I want to say "I want to participate in your struggle in my way". Can "in my way" simply be translated as "benim sekilimde"? 
"Sizin mücadelenizi benim sekil'de katilmak  istiyorum."


----------



## kenki

I would say:

"Benim bildigim sekilde" 

or

"kendi bildigimce"

or

"Benim bildigim tarzda"


----------



## adventrue

Thank you.
How about the same in the next context: "Aslinda, ögrenmek çok hosuma gidiyor, sadece kendimin sekilimde."


----------



## shafaq

adventrue said:


> Thank you.
> How about the same in the next context: "Aslinda, ögrenmek çok hosuma gidiyor, *sadece kendimin sekilimde*."

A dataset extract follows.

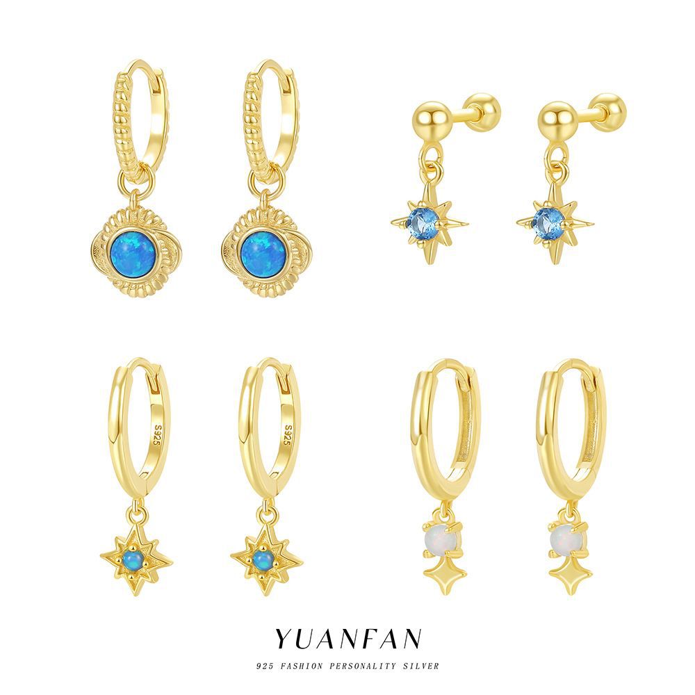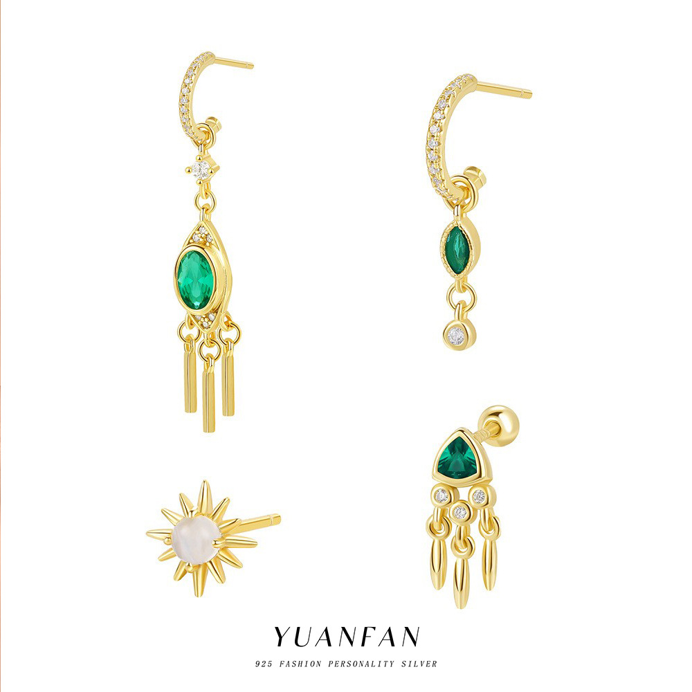 遠梵s925純銀クロスボーダー卸売りピアス女性星月微嵌め込み流蘇耳飾りファッション精緻デザイン感セット
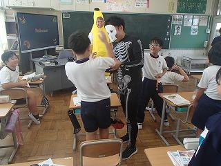 追伸:午後に5・6年生の教室を覗いてみると、バナナ先生とガイコツ先生が一緒に授業を行っていました。午後になって、おばけが増えてしまいました・・・。

After introducing required correction (in red); "sadece kendimin şeklinde" means "merely in my shape" which doesn't make a sense after first phrase. To say "in my way" in Turkish; you have many choises like (above mentioned)"kendi bildiğimce", Benim bildiğim şekilde/tarzda", "kendi yöntem(ler)imle", even only "*kendimce*".
Even after changing the second part; your sentence still remains a bit odd.
Aslinda, ögrenmek çok hosuma gidiyor, sadece kendimce(or any other alternative of it).  
 I think you tended to say "Actually I like the learning so much, as long as it was only "in my way". If  so you may say 
"Aslında; *yalnızca bana uygun şekilde olduğu sürece; * öğrenmek çok hoşuma gidiyor".
As an alternative; you may arrange it as 
"Aslında öğrenmek çok hoşuma gidiyor; tabi ki *yalnızca benim yöntemlerimle* olduğu sürece ..." 
An other alternative is;
"*Sadece benim yöntemlerimle* olduktan sonra; öğrenmek çok hoşuma gider."


----------



## adventrue

I might have to give you more context: I mean to say something like 'I hate school, but actually, I like learnign a lot. Just in my way."


----------



## Rallino

If you mean by "just in my way" = 'on my own'

Then: kendi kendime.

Otherwise: Kendi yöntemimle.


----------



## erhan327

"I like learning a lot. Just in my way."
That's a simple expression but sounds poetic in english.
We have to think more about how we can say it in Turkish 

its ok to say "Öğrenmeyi çok seviyorum. ama kendi bildiğim şekilde"
but it sounds like something is missing. may be we can add the object.
"Yeni şeyler öğrenmeyi seviyorum, ama kendi bildiğim şekilde."


----------



## Brunoleon

there are some kind of expressions that you can't find a direct equivalant of it in Turkish.the opposite is also possible.
I can give you an example from German.the reply '' doch!'' is not easy to translate in Turkish giving the right meaning.
my way :  can be used in different meanings in Turkish such as :
Kendi bildiğim gibi yaptım.  (I did it in my way)
Kendi kendime öğrenmeyi seviyorum ( I like learning by myself)
Kendi metodumla öğrenmeyi tercih eder.(I prefer learning in my own way)
Kendimce sana yardım etmek istedim ( I tried to help you in my way)
Kendi kendime öğrendim. (I have learned by myself)


----------